This shows that the same proportionality principle is currently interpreted by another European supervisory authority as authorising neutralisation, including in such matters as remuneration. It would therefore be highly inconsistent that the EBA decide otherwise as regards its guidelines.
This would also create competitive distortion between two financial industries, asset management and banking, with no argued purpose or reasoning.
ECONOMIC IMPACT OF THE PROPOSED INTERPRETATION ON SMALLER FIRMS AND THE FINANCING OF SMES
From an economic point of view, the approach proposed in the draft guidelines is a major concern for the competitiveness of smaller and non complex firms on salaries and creates serious concerns as to their continuity (see the example provided below). Many of these firms do rely on variable remuneration to adjust to difficult years and avoid affecting their capital base.

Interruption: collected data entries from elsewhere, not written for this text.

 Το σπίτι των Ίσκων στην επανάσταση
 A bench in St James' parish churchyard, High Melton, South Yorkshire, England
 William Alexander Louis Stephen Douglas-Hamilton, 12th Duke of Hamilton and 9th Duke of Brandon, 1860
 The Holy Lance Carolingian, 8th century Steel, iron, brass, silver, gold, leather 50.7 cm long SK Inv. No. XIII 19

However, the draft guidelines would induce them to reduce variable pay and increase fixed pay because:
Their fixed salaries are in the lower end of the market, hence the bonus cap is reached more quickly;
- More of their employees would be considered MRTs as per the quantitative criteria, notably because the manager of the firm is generally the owner and therefore receives a low amount of remuneration (typically the manager relies on dividends and growing value of the business, not on salaries).

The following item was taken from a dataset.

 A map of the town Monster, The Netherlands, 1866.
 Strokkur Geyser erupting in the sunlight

Removing the adjustment capacity of using variable pay would significantly increase their fixed costs, putting them at risk of bankruptcy in downturns, while contradicting the CRD4 objective of reinforcing firms’ capital base.
In addition, applying all these requirements to small institutions is disproportionate when considering that these firms generally have a very limited number of staff to deal with regulatory and HR matters, let alone the complexity of about a hundred pages of guidelines on remuneration alone … This administrative burden is well beyond their capacity and raises concerns as to the effectiveness of these guidelines in reaching their objectives in practice.
Such approach would seem to bring consistency at European level (although this is highly debatable – see next paragraph) but without any respect for the situations of smaller firms and the larger goal of fostering economic growth in the EU.
This is a matter of principle that is highly critical to consider, especially in the context of the Capital Market Union. As AMAFI states in its answer to the green paper (see AMAFI/15-28 EN), the different historical, social and cultural backgrounds of individual countries may lead common European standards to be the subject of differing interpretations or adjustments, not all of which are unwarranted. Treating them all as barriers to a higher principle of harmonisation would be counterproductive if they have real value for the local ecosystem and generate positive effects. This is especially the case as regards business financing, which is ensured by a diversity of firms and in particular for SMEs by smaller domestic firms closer to them than global institutions.
Harmonising the standards is important of course – as is removing unjustified barriers – and must be pursued, but should be prioritised only insofar as it contributes towards orderly markets and growth and does not risk weakening local ecosystems. The draft guidelines endanger these ecosystems by removing the financial basis on which the business model of a number of smaller firms is built, contributing to further concentration of the industry into large players.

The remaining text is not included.